WikiDer > Биотинилирование

Biotinylation

В биохимия, биотинилирование это процесс ковалентного присоединения биотин к белку, нуклеиновой кислоте или другой молекуле. Биотинилирование происходит быстро, специфично и вряд ли нарушит естественную функцию молекулы из-за небольшого размера биотина (молекулярная масса = 244,31 г / моль). Биотин связывается с стрептавидин и авидин с чрезвычайно высоким сродством, быстрым действием и высокой специфичностью, и эти взаимодействия используются во многих областях биотехнологии для выделения представляющих интерес биотинилированных молекул. Связывание биотина со стрептавидином и авидином устойчиво к экстремальным температурам, pH и протеолизу, что делает возможным захват биотинилированных молекул в самых разных средах. Также множественный биотин молекулы возможно сопряженный к интересующему белку, что позволяет связывать несколько стрептавидин, авидин или же нейтравидин молекулы белка и увеличивает чувствительность обнаружения интересующего белка. Существует большое количество доступных реагентов для биотинилирования, которые используют широкий спектр возможных методов мечения. Из-за сильного сродства между биотином и стрептавидином очистка биотинилированных белков была широко используемым подходом для идентификации белок-белковых взаимодействий и посттрансляционных событий, таких как убиквитилирование[1] в молекулярной биологии.

Методы маркировки

Белки можно биотинилировать химически или ферментативно. В химическом биотинилировании используются различные химические процессы конъюгирования для получения неспецифического биотинилирования аминов, карбоксилатов, сульфгидрилов и углеводов (например, NHS-сочетание приводит к биотинилированию любых первичных аминов в белке). Ферментативное биотинилирование приводит к биотинилированию определенного лизина в определенной последовательности бактериальной биотинлигазой.[2] Большинство реагентов химического биотинилирования состоят из реакционноспособной группы, присоединенной через линкер к боковой цепи валериановой кислоты биотина.
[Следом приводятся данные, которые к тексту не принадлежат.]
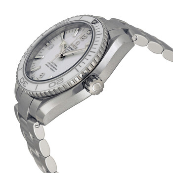 Stainless steel case with a stainless steel bracelet. Uni-directional rotating stainless steel bezel with a white ceramic top ring. White dial with luminous silver-tone hands and stick hour markers. Arabic numerals mark the 6, 9 and 12 o'clock positions. Minute markers around the outer rim. Dial Type: Analog. Luminescent hands and markers. Date display at the 3 o'clock position. Automatic movement with a 60-hour power reserve. Scratch resistant sapphire crystal. Screw down crown. Skeleton case back. Case diameter: 42 mm. Case thickness: 16.3 mm. Round case shape. Bracelet width: 20 mm. Deployment clasp with a push button release. Water resistant at 600 m / 2000 ft. Functions: date, hour, minute, second. Luxury watch style. Watch label: Swiss Made. Omega Seamaster Planet Ocean Automatic White Dial Stainless Steel Men's Watch 232.30.42.21.04.001.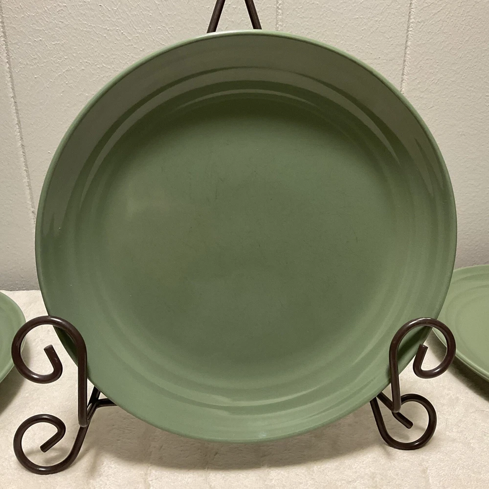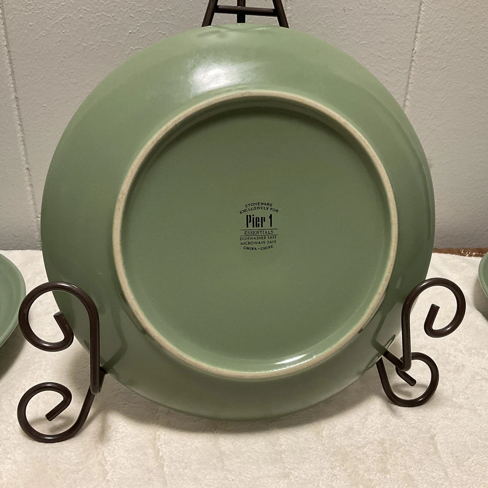 DUE TO RESIDING ON THE EAST COAST AND HIGH SHIPPING COSTS AT THIS TIME THESE ITEMS ARE NOT AVAILABLE TO RESIDENTS RESIDING IN THE WEST COAST STATES, HAWAII, PUERTO RICO Here is a 3 piece set of Salad (Lunch, Desert) Plates by Pier 1 Imports Elemental Earthenware Moss Green These Plates were made especially for Pier 1. This brand is known for its high quality products They are approximately 8” in diameter and are 1 1/4” tall. They are dishwasher and microwave safe. These plates are in good used condition. They are free of chips and cracks Photos are of the exact items you will receive ( PLATES ONLY! STAND NOT INCLUDED ) Please ZOOM IN on ALL the photos as they are part of the description and provide detail views of the condition of these plates. I strive to ship my items within 24 hours after payment received Thank you for shopping with me!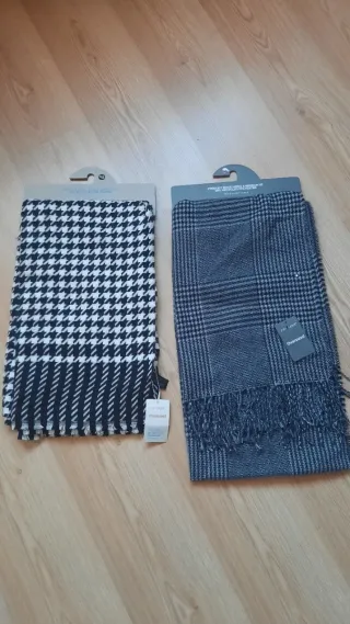 Dos bufandas de la marca Primark, nuevas y con etiqueta. - Diseño de pata de gallo en blanco y negro. - Diseño de cuadros en gris y negro. Miden 196 cm por 90. De venta en Valdemoro - Ambas con flecos decorativos.
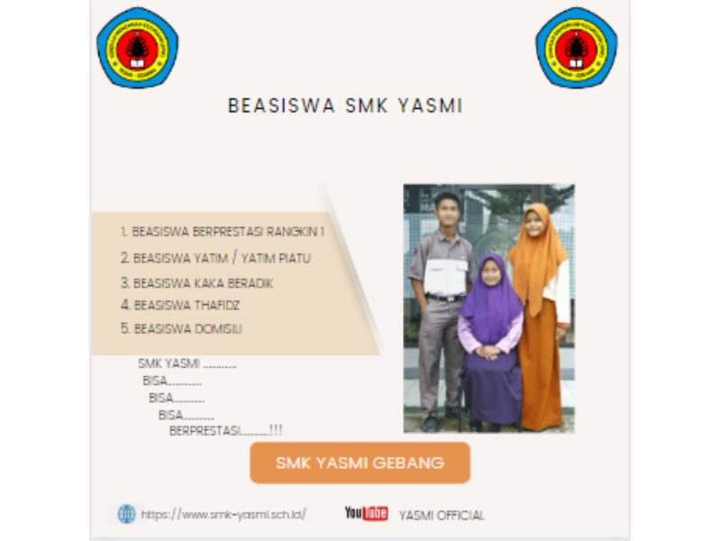 Assalamualaikum....... inggin mendapatkan Beasiswa seperti di atas ayo bergabng di SMK YASMI GEBANG dan Bagi yang ingin bergabung silahkan langsung saja klik PPDB SMK YASMI GEBANG dan lanjutkan pendaftaran nya terimakasih....

Поскольку биотин-связывающий карман в авидине / стрептавидине скрыт под поверхностью белка, желательны реагенты для биотинилирования, обладающие более длинным линкером, поскольку они позволяют молекуле биотина, когда она прикреплена к своей мишени, быть более доступной для связывания авидина / стрептавидина. / Белок нейтравидин. Этот линкер может также опосредовать растворимость реагентов биотинилирования; линкеры, которые включают полиэтиленгликоль (ПЭГ) может сделать нерастворимые в воде реагенты растворимыми или повысить растворимость реагентов биотинилирования, которые уже растворимы до некоторой степени.

Ферментативное биотинилирование

В отличие от методов химического биотинилирования, ферментативное биотинилирование позволяет биотину связываться точно с одним остатком, присутствующим в белке. Эта реакция биотинилирования также может завершиться, что означает, что продукт образуется с высокой однородностью и может быть связан с стрептавидин в определенной ориентации, например за Мультимеры MHC. Ферментативное биотинилирование чаще всего проводят Кишечная палочка биотин-холофермент-синтетаза, также известная как биотинлигаза (BirA, P06709).[3][4]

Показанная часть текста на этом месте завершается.